# M&p preference



## Zeus (Feb 29, 2016)

Hey all,

Just curious what everybody's preference is for m&p bases. I purchased Organic Stephensons crystal nco. Of the few reviews, all of them being 5 star, everyone talked about how much they like it. Personally, its not what it's cracked up to be and dries out our skin. It will probably be good for summer time, but it's not for winter. I'm looking for a good all around base without having to buy a bunch of different kinds to test them out. 

Zeus


----------



## Saintlysoaper (Feb 29, 2016)

I liked the Kay's soap bases more than Stephenson and definately more than the brambleberry ones.  The ingredients on the label don't look so appealing though


----------



## Jhonywalker4090 (Mar 1, 2016)

I know you said you don't want to buy a bunch of different bases but I know BB and at least one other site has sample packs you can buy that way you get a small amount of different types and see what works best for you and your family.


----------



## lisamaliga (Mar 5, 2016)

Have you tried SFIC? I've used them as much as Stephenson and I really like the bases. They melt very well. Here's their ingredient list:
http://www.sficcorp.com/images/7a3d989522e514db60bc75023d0a3fab.pdf

Brambleberry [BB] carries the SFIC bases.


----------



## lsg (Mar 5, 2016)

I make my own base most of the time.


----------



## dibbles (Mar 5, 2016)

I agree - SFIC was the best base I have tried. I especially liked the goat milk base and the honey base, and I think there was a hemp base I especially loved as well. I haven't bought M&P for awhile, so I don't know if they still make the hemp base. I've also used BB low sweat base, which is great for the humid summer months.
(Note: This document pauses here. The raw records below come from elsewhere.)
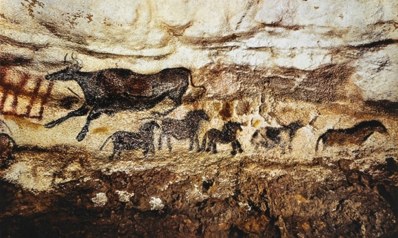 如果你在现场观看岩洞艺术——我曾经在Lot地区的Pech Merle岩洞和Cougnac岩洞,以及比利牛斯山脉的Niaux岩洞里观看过——你会发现它包括两种或者三种类型。有各种各样的神秘抽象符号,比如点和曲线;有让人难忘的“人类”手掌;还有那些栩栩如生到难以置信的猛犸、马、野牛、狮子的形象——大多数非专业人士提到“岩洞艺术”,想到的就是这些作品。
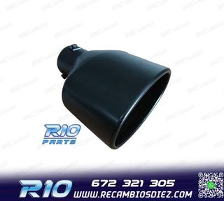 Móvil: 672 321 305 - Referencia: ESC010116. COLA ESCAPE DCH UNIVERSAL LOOK CUPRA 3 OVALADA Especificaciones: Modelo: Ovalada con corte diagonal Color: Negro mate Lado derecho Medida: 210 mm (largo), 150 mm (ancho), 97 mm (alto) Diámetro de entrada: 60 mm Montaje. Instalación sencilla, sujeción mediante tornillo o punto de soldadura. Imagen. Dale un toque más deportivo al vehículo con esta cola de escape.
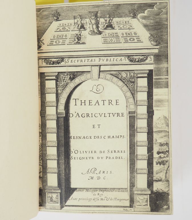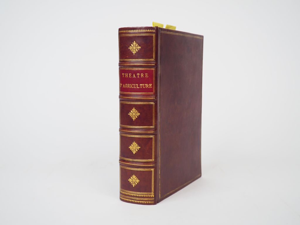 SERRES (Olivier de). Théâtre d'Agriculture et mesnage des champs. Paris, Jamet Mettayer 1600. in-4, 17 ff. n.ch. - 968 pp + table. Veau brun, caissons et fleur. dor., double fil. d'encadr. des plats (Rel. moderne à l'imitation) Edition originale du premier grand traité d'agronomie français. La page de titre manque, le titre-frontispice et la planche dépliante ont été remplacé par des copies. Les derniers ff. de table manquent. Trace de mouillure.

It is pickier to work with, and I think it is a little more drying too.


----------



## Soapsavvy (Mar 9, 2016)

Dibbles I got my  Hemp, Shea, and Goats milk base  a few weeks ago from Natures Garden. I haven't used any of my bases yet, but I'll report back when I do. I'm also wondering since the topic is being discussed, what do others add to a M&P ( when they feel it kinda inferior)  to make it more moisturizing instead of having to buy a completely different product?


----------



## tinatolle (Mar 9, 2016)

*To SoapSavvy*

I add shea butter, cocoa butter, almond oil, and jojoba oil to my M&P bases.  It takes a lot of experimenting because you can over do it sometimes.  
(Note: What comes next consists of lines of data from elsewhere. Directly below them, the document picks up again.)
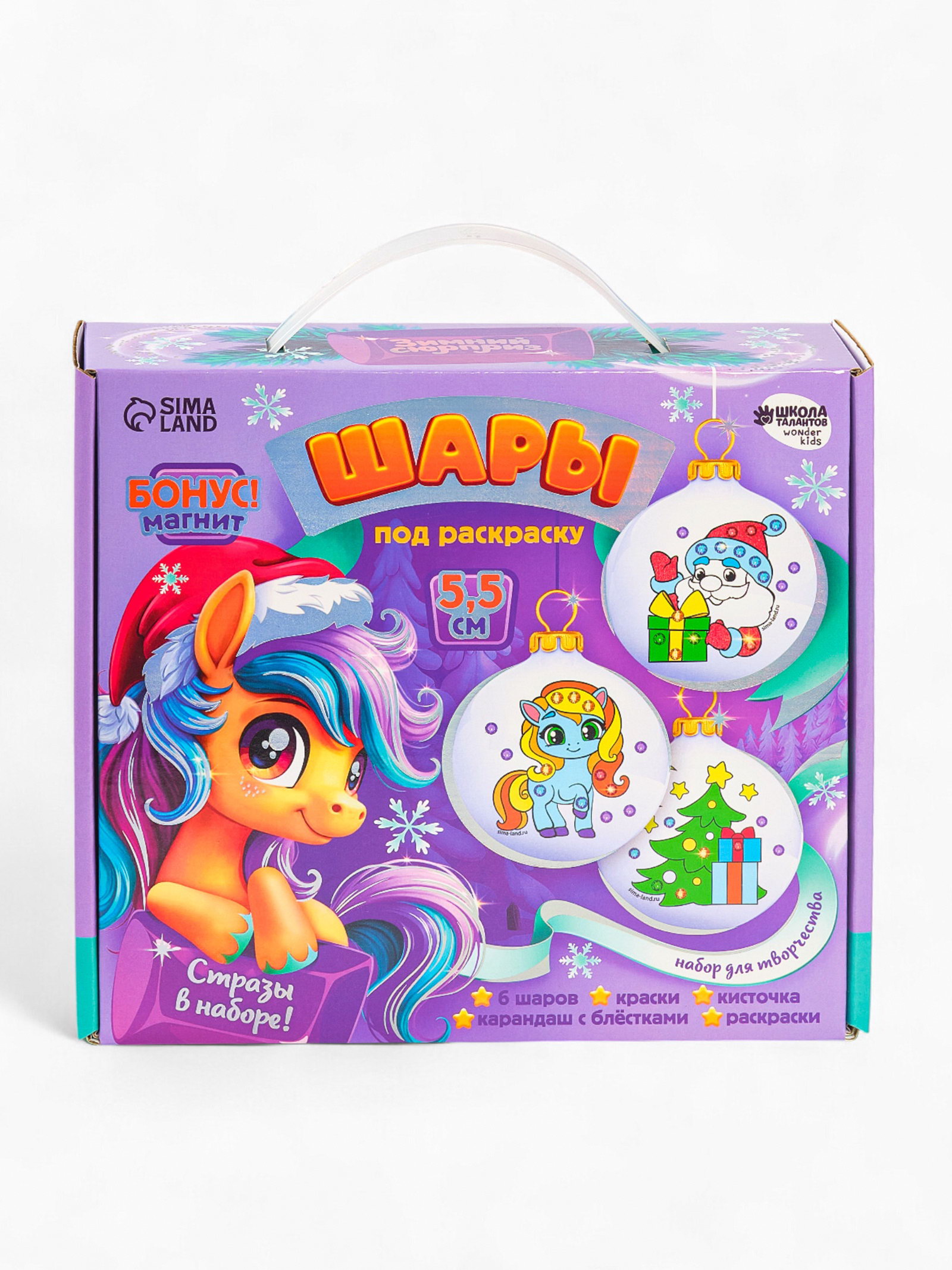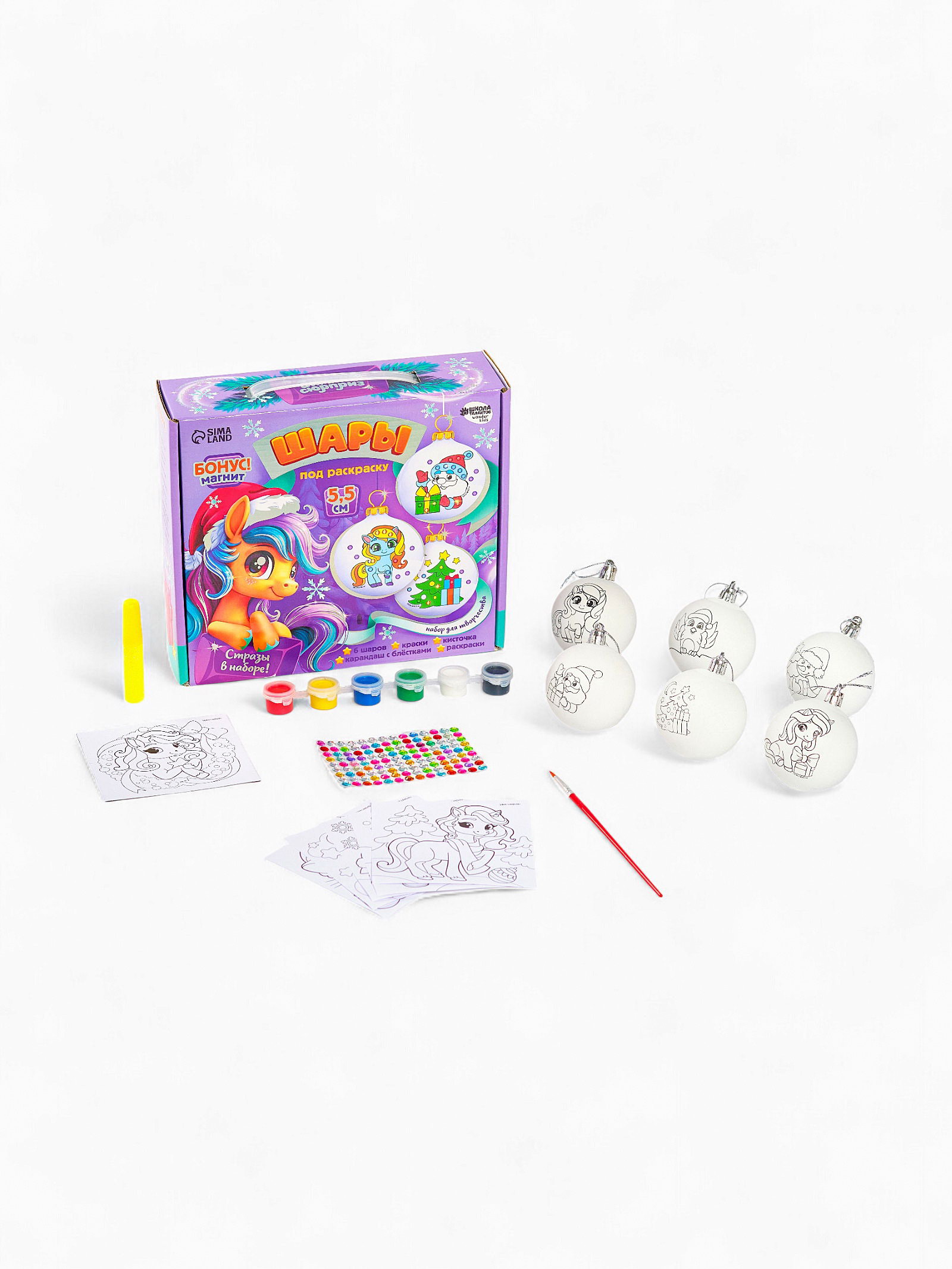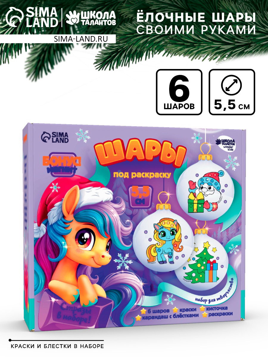 Комплектация набора: С красками, Со стразами Размер упаковки: 6.5 x 20.5 x 22.5 см. tnved: 3213100000 Вид заготовки: Ёлочное украшение Вид: По пластику Вид набора: Ёлочные шары Возраст: Для детей Набор: Да Тематика праздника: Новый год Символ года: Символ года 2026 (Лошадь) Этот набор - отличный повод провести волшебный вечер в кругу семьи!Предложите малышу создать своими руками уникальные украшения для вашей ёлочки. В наборе шары с нанесённым рисунком. Вам остаётся лишь проявить фантазию и раскрасить их на свой вкус. Набор шаров также станет прекрасным подарком друзьям и близким. Комплектация
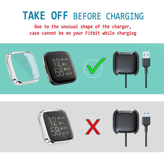 All around surface protection case for your Fitbit Versa 2. Absorbs shock from knocks and drops to protect your watch. More than a defense, screen protector is dustproof and anti-chip too. High touch-sensitivity keeps your screen’s optimum responsiveness. HD Clarity restores visual clearness of the screen. Ergonomically designed with ultrafine dots that cannot be seen by the naked eye, it prevents water marks and sticking to the screen. Perfect for protecting your watch in high-powered activity such as sports, while also suitable for daily use. Precise cutouts for an easy access to all buttons, sensors, and watch features. Easy to install. Just position correctly on top of your Fitbit and apply pressure. Case is then snugly fitted on your watch. Frame Color: Silver. Due to the unusual shape of the Versa 2’s charger, kindly remove the case before charging. Not compatible with Fitbit Versa / Versa Lite / Versa SE. Item is just a cover case, Fitbit not included.
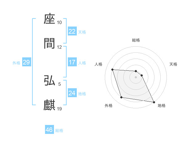 座間 弘麒さんを姓名の画数から五運を鑑定
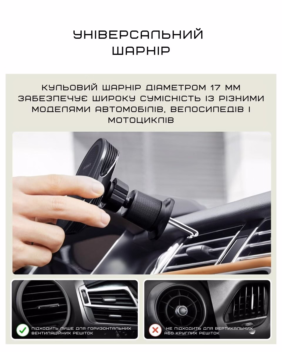В авто важно, чтобы всё было удобно и работало чётко. Чтобы телефон держался прочно, всегда был в поле зрения и быстро заряжался на ходу. Когда в дороге слушаешь музыку или принимаешь звонки — чтобы всё было под рукой, ничего не скользило и не отвлекало.
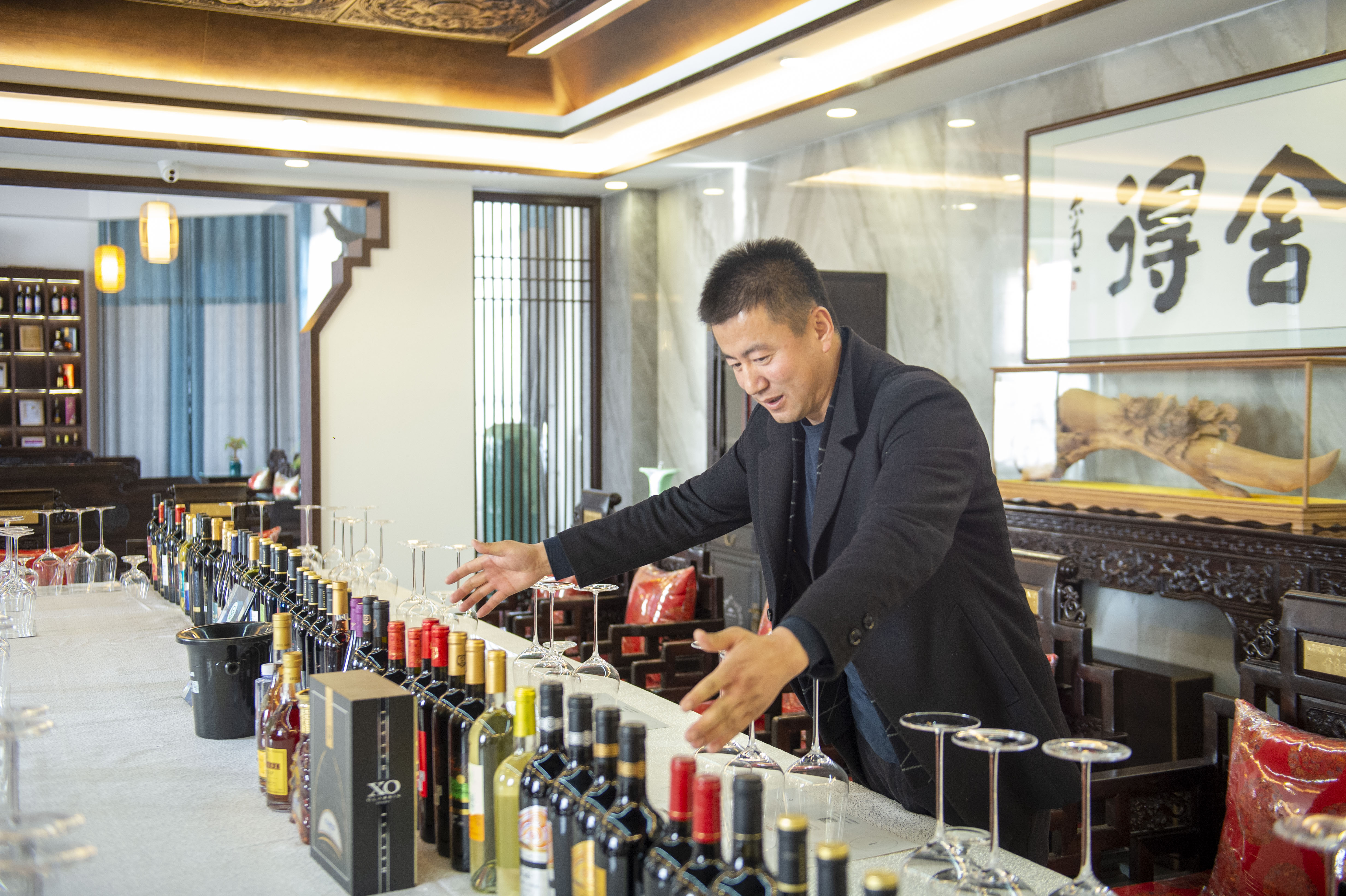 每售出一瓶酒,李财给大家三角钱提成。“现在都是现代化生产设备,活儿轻,一年收入两万多元,离家近,方便照顾孩子。李总还经常鼓励我们,特别好。”酒庄31岁的女工海燕说。

I use the following for 1 lb.  Also, I don't use any other base other than the SFIC.  I prefer honey and shea SFIC.

.5 ounces of cocoa butter
1 oz shea butter
1 oz sweet almond oil
.25 oz jojoba oil

My soaps do well with these ingredients.  I use them all in shea bases and just the two oils in the honey base, since I want to keep it looking clear.

Hope this helped.


----------



## Zeus (Mar 11, 2016)

Thanks for the input everyone. I think I'm going to grab an SFIC sampler from BB. 
On another note about additives, has anyone added Powdered goats milk to their base? Would there be benefits to adding, or would it be useless being powdered? I would guess I would have to add more liquid to hydrate it


----------



## lisamaliga (Mar 11, 2016)

Zeus said:


> On another note about additives, has anyone added Powdered goats milk to their base? Would there be benefits to adding, or would it be useless being powdered?



Powdered goat's milk is a wonderful additive. You can sprinkle it in when the soap's half melted -- about 1 teaspoon per pound. You'll love the creamy lather!


----------